- DATA PROVIDED:
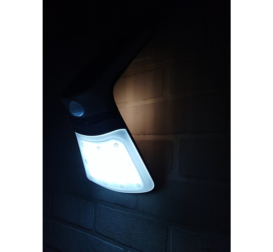 Zoals al werd uitgelegd, heeft deze solar muurlamp een bewegingssensor. De lamp gaat hierdoor in de avond aan op gedimd licht. Wanneer iemand langs de lamp loopt, wordt de lamp automatisch feller. Gemiddeld gaan onze solar lampen zo’n 35.000 branduren mee bij continu gebruik. Uiteraard draait de lamp alleen in de avonduren, waardoor de lamp een investering is voor de lange termijn. De lamp wordt standaard geleverd met bevestigingsset en wordt daarmee in een handomdraai in elkaar gezet. Het volledig opladen van de LED solar muurlamp duurt gemiddeld zo’n 8 uur. Overdag heeft de lamp genoeg tijd voor het opladen, waardoor je vervolgens lange tijd kunt genieten van deze buitenlamp. De lamp heeft aan de achterzijde 2 warm witte leds. De leds zorgen ervoor dat indirect licht aan beide zijden van de lamp wordt getoond. Dit noem men ook wel het butterfly-effect. Het licht blijft altijd branden en zichtbaar in het donker.
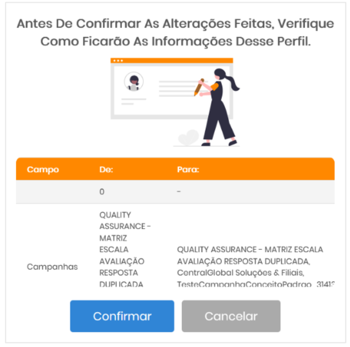 "Antes de confirmar as alterações feitas, verifique como ficarão as informações desse perfil."
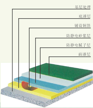 | 面漆層 | 輥涂或噴涂環(huán)氧防靜電面涂材料 | 防靜電環(huán)氧面漆 | — | 0.20~0.30kg/m2 |
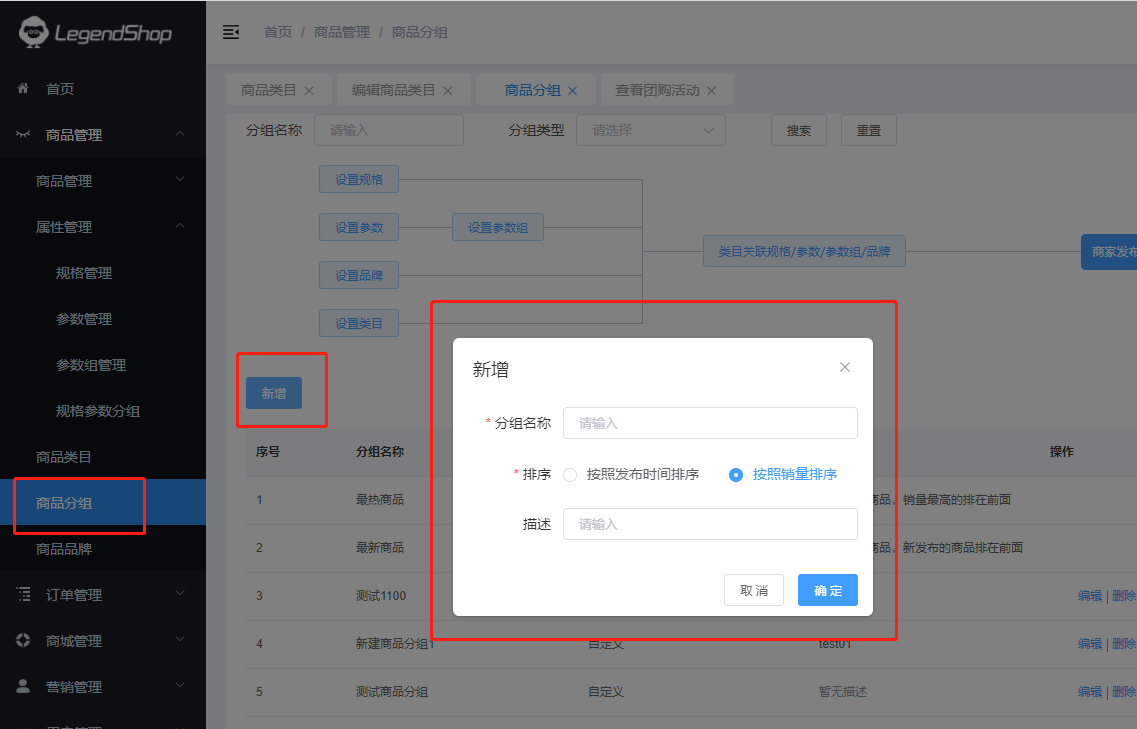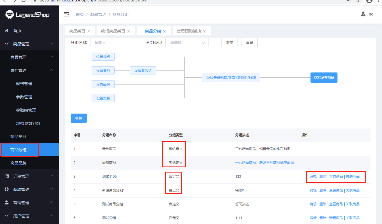 商品分组的分组类型,分为系统定义和自定义,自定义为管理员新建,新建后,在商品列表勾选商品,进行分组管理,在商品分组列表可移除商品。可以使用分组名称、分组类型搜索。

- WHAT YOU NEED TO DO: The required output is every line from the one containing "防靜電環(huán)氧面漆 | — | 0.20~0.30kg/m2 |" through the last line of the data above, restated exactly and without pictures.

- EXPECTED ANSWER:
 | 面漆層 | 輥涂或噴涂環(huán)氧防靜電面涂材料 | 防靜電環(huán)氧面漆 | — | 0.20~0.30kg/m2 |
 商品分组的分组类型,分为系统定义和自定义,自定义为管理员新建,新建后,在商品列表勾选商品,进行分组管理,在商品分组列表可移除商品。可以使用分组名称、分组类型搜索。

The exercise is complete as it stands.